Стой, как стояла искони!
Тебя я — боже сохрани —
Чтоб изуродовал починкой!»
Избравши для жилья покой
Полуразрушенный, с пролетом,
Лишенным кровли, наш герой
Ликует, хоть его порой —
То куры угостят пометом.
То сверху треснет кирпичом,
То дождь промочит. Ровным счетом
Илье все беды нипочем.
Сроднясь душой и телом с грязью,
Леча ушибы — пудрой, мазью,
Среди развалин и гнилья,
Среди припарок и косметик.
Не падал духом наш Илья.
Он был в восторге от «жилья»,
Зане — великий был эстетик!
1912
Опекун
Такое диво в кои веки:
Совсем на днях сановник некий
Сиротский посетил приют.
«Великолепно! Превосходно!
Ну, прямо рай: тепло, уют…
Детишки — ангелы. А честь как отдают!
И маршируют?»
«Как угодно, —
По отделеньям и повзводно…»
«Быть может, „Славься“ пропоют?
Восторг! Божественно! И этому виновник?..»
Смотритель дал ответ: «Я-с и моя жена».
«За все вам русское мерси! — изрек сановник. —
Такая именно нам школа и нужна.
С патриотической основой.
Я очень ваш почин ценю.
Я доложу о вас… Я в долг себе вменю…
А здесь — столовая? Доволен и столовой.
Позвольте мне меню.
Как?! — вдруг вскипел наш гость. — Молочный
суп… Жаркое…
И это… это — в пост!
Черт знает что такое!»
«Ваш-сясь!
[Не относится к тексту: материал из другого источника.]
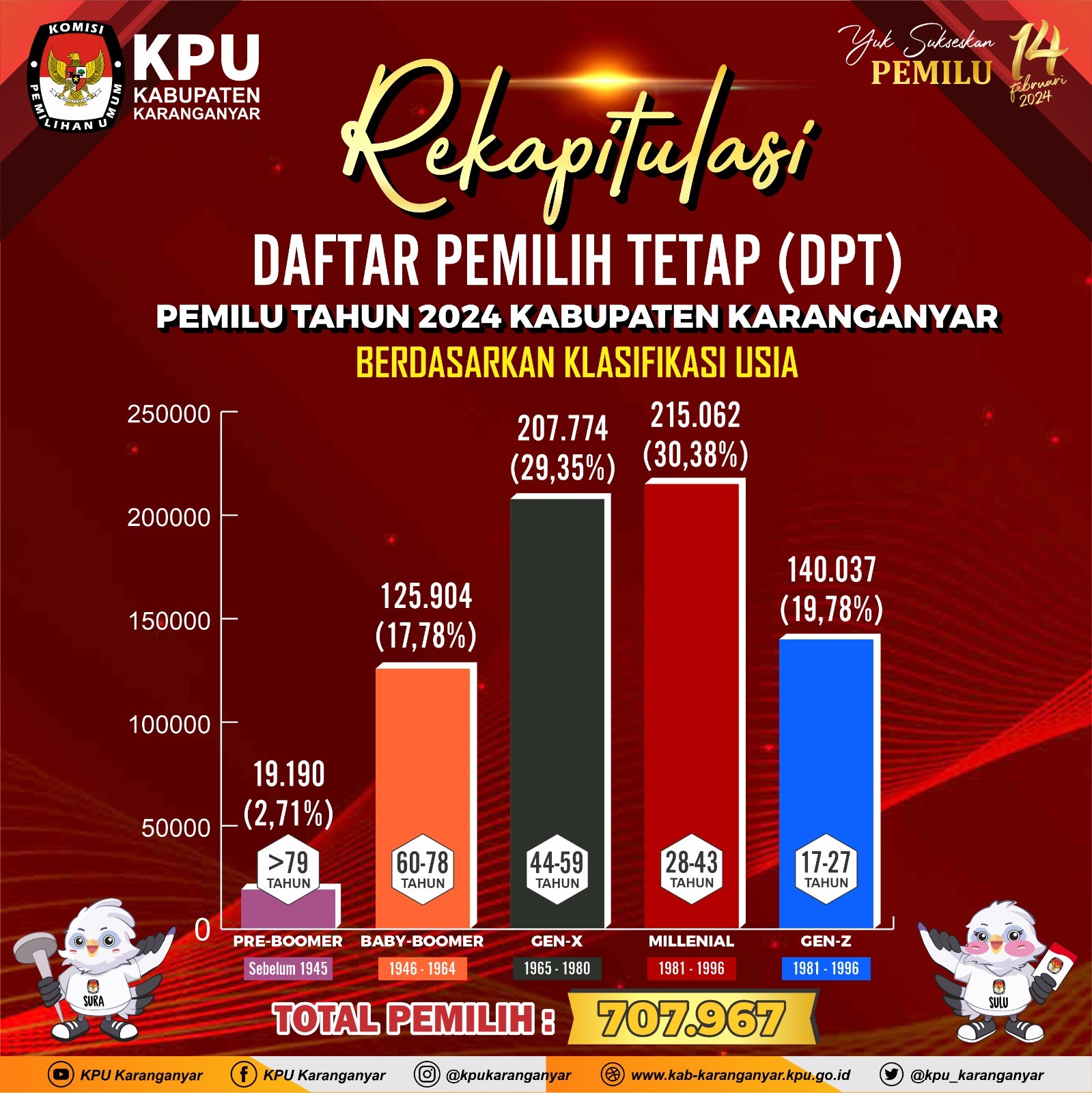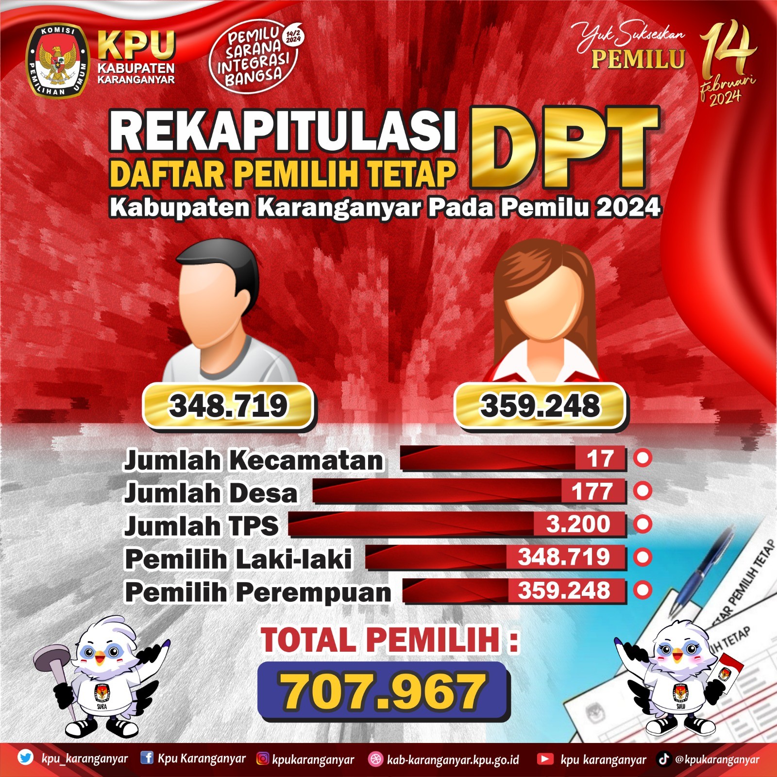 Banner infografis Daftar Pemilih Tetap (DPT) Kabupaten Karanganyar Pemilu Tahun 2024.

Питание… Малютки… Хилый рост…
Из бедноты сиротки…
Родные померли все больше от чахотки…
Врачи…»
«Врачи нахально врут!
Не допущу потворства!
С поста не мрут,
А мрут — с обжорства!»
«Ведь этакий вандал!» —
Иной читатель скажет гневно.
А я б опекуна такого оправдал:
Ведь он от голоду ни разу не страдал,
А от обжорства — ежедневно!
1912
Бунтующие зайцы
Взбежавши на пригорок,
Зайчишек тридцать — сорок
Устроили совет.
«Житья нам, братцы, нет».
«Беда. Хоть с мосту в воду».
«Добудемте права!»
«Умремте за свободу!»
. . . . . . . . . . . . . . . . .
От смелых слов у всех кружилась голова.
Но только рядышком шелохнулась трава,
Как первый, кто кричал: «За волю в землю
лягу!»,
С пригорка задал тягу.
За ним все зайцы, кто куда,
Айда!
Зайчиха с заинькой под кустиком сидела.
«Охти мне, без тебя уж стала тосковать.
Ждала тебя, ждала: глаза все проглядела.
Договорились, что ль, в совете вы до дела?»
«Договорилися. Решили бунтовать!»
О бунте заячьем пошли повсюду толки.
Не говоря уж о лисе,
Теперь, поди, хвосты поджали звери все, —
А больше всех, понятно, волки?!
1912
Свеча
«Хозяин! Пантелей Ильич! Гляди-ко… Волга…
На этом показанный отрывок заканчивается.